As an example of structured testing, consider the C module "count" in Figure 5-2. Given a string, it is intended to return the total number of occurrences of the letter `C' if the string begins with the letter `A'. Otherwise, it is supposed to return -1.

Figure 5-2. Code for module "count."

The error in the "count" module is that the count is incorrect for strings that begin with the letter `A' and in which the number of occurrences of `B' is not equal to the number of occurrences of `C'. This is because the module is really counting `B's rather than `C's. It could be fixed by exchanging the bodies of the "if" statements that recognize `B' and `C'. Figure 5-3 shows the control flow graph for module "count."
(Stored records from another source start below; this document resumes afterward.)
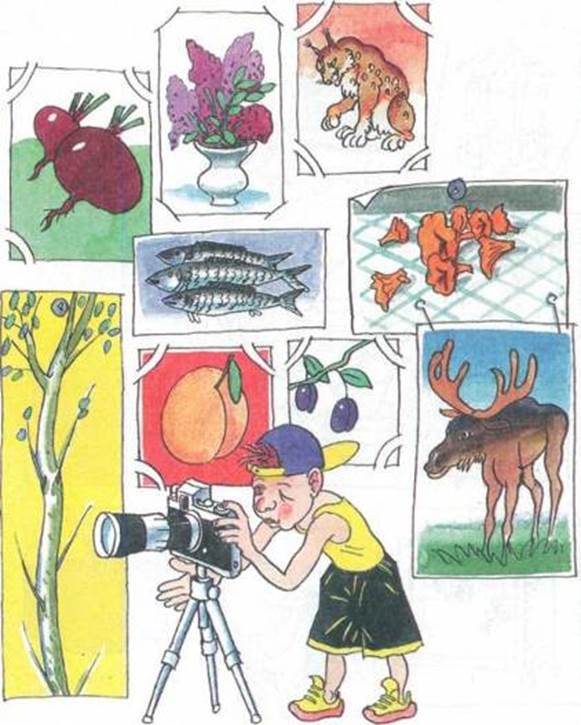 Сима и Сева любят фотографировать. Сима фотографирует животный мир, а Сева - растительный. Определи, где чьи фотографии, и назови, кто на фото у Симы, а что - у Севы. Внимательно рассмотри кадры и найди ошибки фотографов.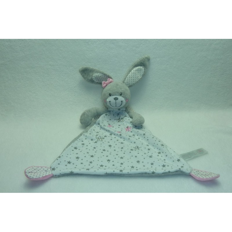 Description du doudou : Doudou plat lapin de 34 cm environ de longueur oreilles comprises. Coloris : gris, blanc étoilé. Etat : Très bon état . Produit original. DOUDOU DIFFICILE A TROUVER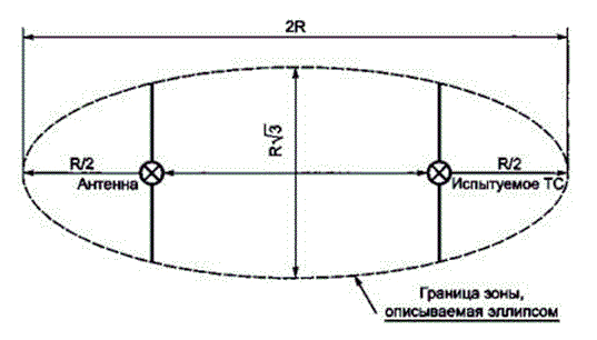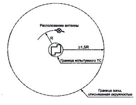 б) круга с размерами, приведенными на рисунке В.2, если испытуемое ТС устанавливают стационарно и измерительную антенну перемещают вокруг него.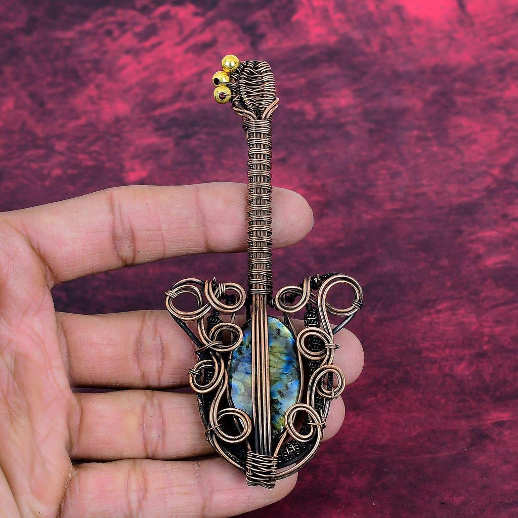 Labradorite Pendant Guitar Pendant Copper Wire Wrapped Jewelry Gemstone Pendant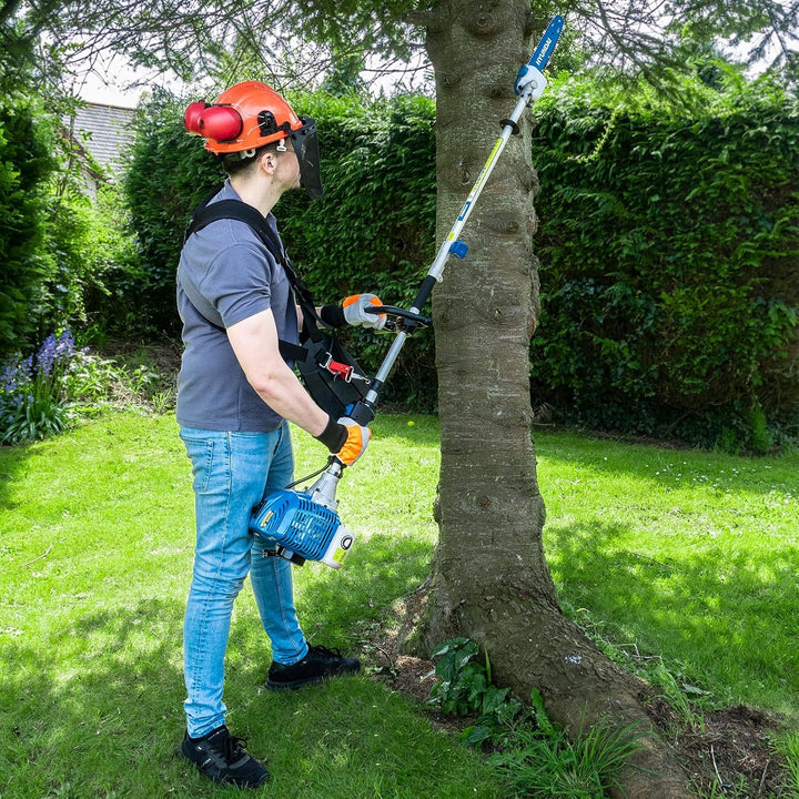 Take on all your garden maintenance with one powerful tool. The Hyundai 52cc Petrol Multi Tool combines four essential attachments—hedge trimmer, pole saw, brushcutter, and grass trimmer—into one reliable, high-performance unit. Designed to make your work easier, it comes with an extension shaft and shoulder harness for comfort and reach.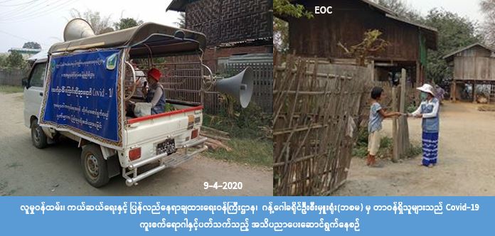 လူမှုဝန်ထမ်း၊ ကယ်ဆယ်ရေးနှင့် ပြန်လည်နေရာချ ထားရေးဝန်ကြီးဌာန၊ ဘေးအန္တရာယ်ဆိုင်ရာစီမံခန့် ခွဲမှုဦးစီးဌာန၊ ဂန့်ဂေါခရိုင်ဦးစီးမှူးရုံးမှ တာဝန်ရှိသူများသည် ပြန်ကြားရေးနင့် ပြည်သူ့ဆက်ဆံရေးဦးစီး ဌာန၊ မာဃသဟာယလူမှုအထောက်အကူပြုအဖွဲ့တို့ဖြင့်ပူးပေါင်းပြီး ဂန့်ဂေါခရိုင်၊ ဂန့်ဂေါမြို့နယ်၊ ကျွဲနန်း ကျေးရွာ၊ တောင်လယ်ကျေးရွာ၊ လက်ပန်ကျေးရွာ၊ သာကောင်းကျေးရွာများသို့ (၉-၄-၂၀၂၀) ရက်နေ့ (၀၈:၃၀) နာရီမှ(၁၆:၃၀)နာရီ အချိန်ထိ COVID-19 ရောဂါနှင့်ပတ်သက်၍ ကာကွယ်၊ တားဆီး၊ ထိန်းချုပ်၊ ကုသရေးဆိုင်ရာ ပြည်သူလူထုအသိပညာပေးပန်ကြားချက်များကို လှည့်လည်ဟောပြော ဆောင်ရွက်ခဲ့ ကြောင်း သိရှိရပါသည်။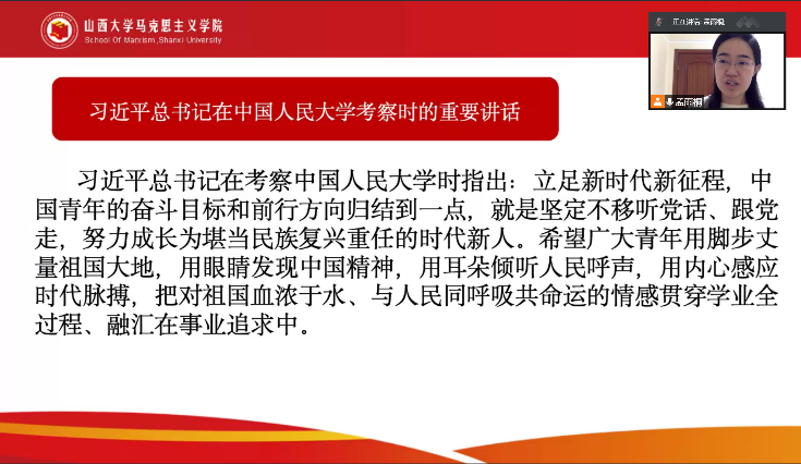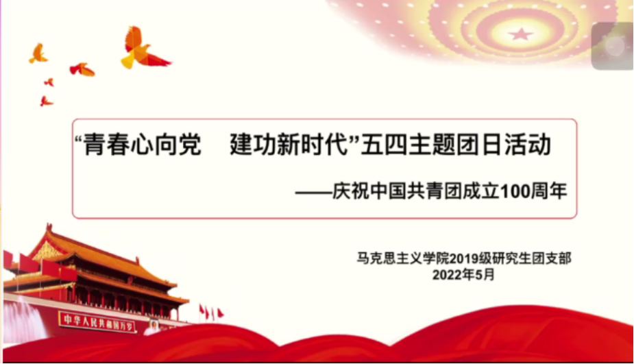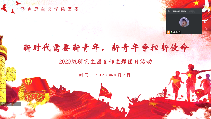 2020级研究生团支部围绕“新时代需要新青年,新青年争担新使命”开展主题团日活动。团支书柴昱彤以“那年的五四,那时的青年”、“这一代年轻人还有不计生死的血性吗”“如何争做堪当民族复兴重任的时代新人”三个问题引发团员青年的思考。支部团员从毛泽东、蔡和森、郭钦光、邓中夏等历史人物在五四运动时期的青春故事中,重温那一代青年的初心与使命;共同观看微电影《重逢》,感受新时代青年保家卫国的血性与勇气;共同学习习近平总书记在中国人民大学考察重要讲话精神,讨论如何在自己的学习生活中践行青年担当。大家纷纷表示,未来要更加坚定信仰,夯实理论基础,丰富专业素养,勇担时代责任,在助力国家重大活动、投身基层志愿服务、宣传党的创新理论成果的实践中,贡献马院学子的青春力量。

Figure 5-3. Control flow graph for module "count."

The "count" module illustrates the effectiveness of structured testing. The commonly used statement and branch coverage testing criteria can both be satisfied with the two tests in Figure 5-4, none of which detect the error. Since the complexity of "count" is five, it is immediately apparent that the tests of Figure 5-4 do not satisfy the structured testing criterion-three additional tests are needed to test each decision independently. Figure 5-5 shows a set of tests that satisfies the structured testing criterion, which consists of the three tests from Figure 5-4 plus two additional tests to form a complete basis.=20
Input

Output

Correctness

X

-1

Correct

ABCX

1

Correct

Figure 5-4. Tests for "count" that satisfy statement and branch coverage

Input

Output

Correctness

X

-1

Correct

ABCX

1

Correct

A

0

Correct

AB

1

Incorrect

AC

0

Incorrect

Figure 5-5. Tests for "count" that satisfy the structured testing criterion.

The set of tests in Figure 5-5 detects the error (twice). Input "AB" should produce output "0" but instead produces output "1", and input "AC" should produce output "1" but instead produces output "0". In fact, any set of tests that satisfies the structured testing criterion is guaranteed to detect the error. To see this, note that to test the decisions at nodes 3 and 7 independently requires at least one input with a different number of `B's than `C's.

5.5 Weak structured testing

Weak structured testing is, as it appears, a weak variant of structured testing. It can be satisfied by exercising at least v(G) different paths through the control flow graph while simultaneously covering all branches, however the requirement that the paths form a basis is dropped. Structured testing subsumes weak structured testing, but not the reverse. Weak structured testing is much easier to perform manually than structured testing, because there is no need to do linear algebra on path vectors. Thus, weak structured testing was a way to get some of the benefits of structured testing at a significantly lesser cost before automated support for structured testing was available, and is still worth considering for programming languages with no automated structured testing support. In some older literature, no distinction is made between the two criteria.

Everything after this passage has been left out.